WORK TO COMPLETE
Nothing outside the range is to be copied. From the entries below, reproduce exactly the lines starting at the one with "9ct gold & platinum" and ending at the one with "티엔지티 노컷 테이퍼드핏 히든밴딩 노턱 워셔블 슬랙스 그레이", without pictures.

DATA

——————————

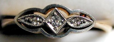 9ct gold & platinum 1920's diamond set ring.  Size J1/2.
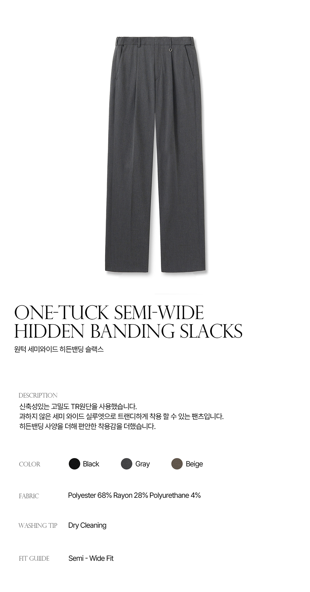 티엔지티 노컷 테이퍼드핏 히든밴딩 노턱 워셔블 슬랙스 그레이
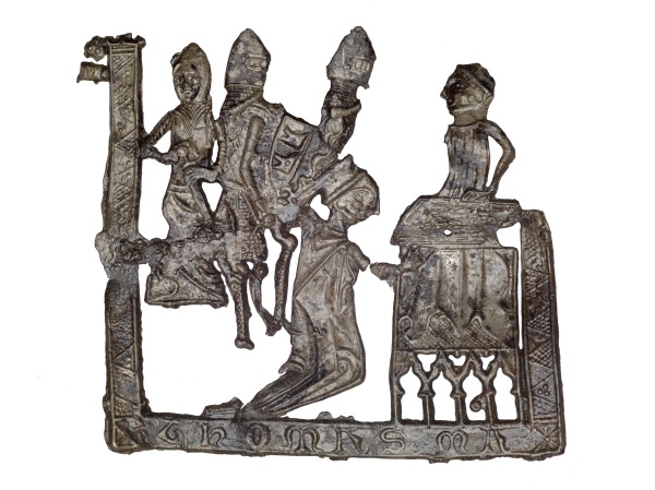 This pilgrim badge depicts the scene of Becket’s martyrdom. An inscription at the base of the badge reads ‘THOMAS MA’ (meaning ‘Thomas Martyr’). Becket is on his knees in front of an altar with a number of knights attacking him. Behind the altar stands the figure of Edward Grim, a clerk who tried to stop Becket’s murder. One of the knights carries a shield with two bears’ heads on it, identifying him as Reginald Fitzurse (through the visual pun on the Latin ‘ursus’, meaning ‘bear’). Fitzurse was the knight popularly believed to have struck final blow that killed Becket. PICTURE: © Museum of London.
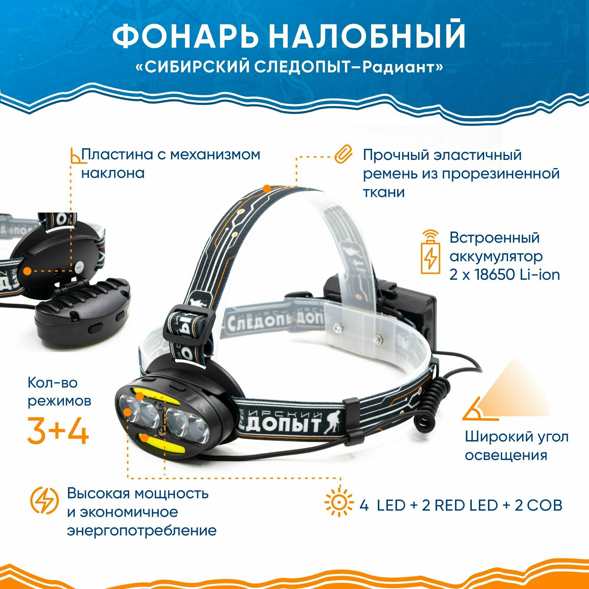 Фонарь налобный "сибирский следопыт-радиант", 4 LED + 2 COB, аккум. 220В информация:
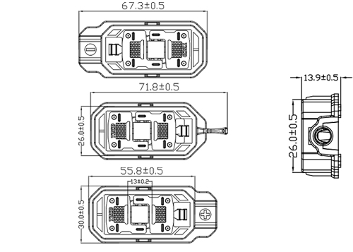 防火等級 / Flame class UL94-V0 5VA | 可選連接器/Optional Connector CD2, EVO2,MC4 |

——————————

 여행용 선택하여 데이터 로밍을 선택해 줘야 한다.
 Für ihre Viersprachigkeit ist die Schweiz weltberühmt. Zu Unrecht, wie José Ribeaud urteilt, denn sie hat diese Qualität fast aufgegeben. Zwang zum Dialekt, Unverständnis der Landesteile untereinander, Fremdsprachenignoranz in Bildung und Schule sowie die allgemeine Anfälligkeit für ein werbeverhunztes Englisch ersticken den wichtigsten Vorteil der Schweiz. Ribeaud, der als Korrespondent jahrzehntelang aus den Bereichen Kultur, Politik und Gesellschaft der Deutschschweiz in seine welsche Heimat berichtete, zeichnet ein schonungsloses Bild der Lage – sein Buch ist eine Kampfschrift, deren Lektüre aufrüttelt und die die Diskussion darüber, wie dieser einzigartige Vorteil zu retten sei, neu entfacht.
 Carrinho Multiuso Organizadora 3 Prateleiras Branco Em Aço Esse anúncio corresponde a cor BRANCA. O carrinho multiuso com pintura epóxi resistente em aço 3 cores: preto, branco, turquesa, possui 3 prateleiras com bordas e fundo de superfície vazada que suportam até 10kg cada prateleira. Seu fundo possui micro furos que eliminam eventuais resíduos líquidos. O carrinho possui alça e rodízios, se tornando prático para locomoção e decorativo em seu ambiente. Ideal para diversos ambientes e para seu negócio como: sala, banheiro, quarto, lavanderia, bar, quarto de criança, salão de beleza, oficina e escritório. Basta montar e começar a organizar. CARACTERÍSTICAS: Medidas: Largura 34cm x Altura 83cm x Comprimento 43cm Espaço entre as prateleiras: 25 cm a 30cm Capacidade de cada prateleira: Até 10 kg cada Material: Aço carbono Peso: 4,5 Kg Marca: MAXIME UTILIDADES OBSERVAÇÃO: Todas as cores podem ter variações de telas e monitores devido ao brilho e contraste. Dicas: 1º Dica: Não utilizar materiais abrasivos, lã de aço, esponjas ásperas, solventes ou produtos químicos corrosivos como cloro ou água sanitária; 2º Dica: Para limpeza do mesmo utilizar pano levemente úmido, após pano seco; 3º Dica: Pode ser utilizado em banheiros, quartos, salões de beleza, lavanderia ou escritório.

——————————

ANSWER SECTION
 9ct gold & platinum 1920's diamond set ring.  Size J1/2.
 티엔지티 노컷 테이퍼드핏 히든밴딩 노턱 워셔블 슬랙스 그레이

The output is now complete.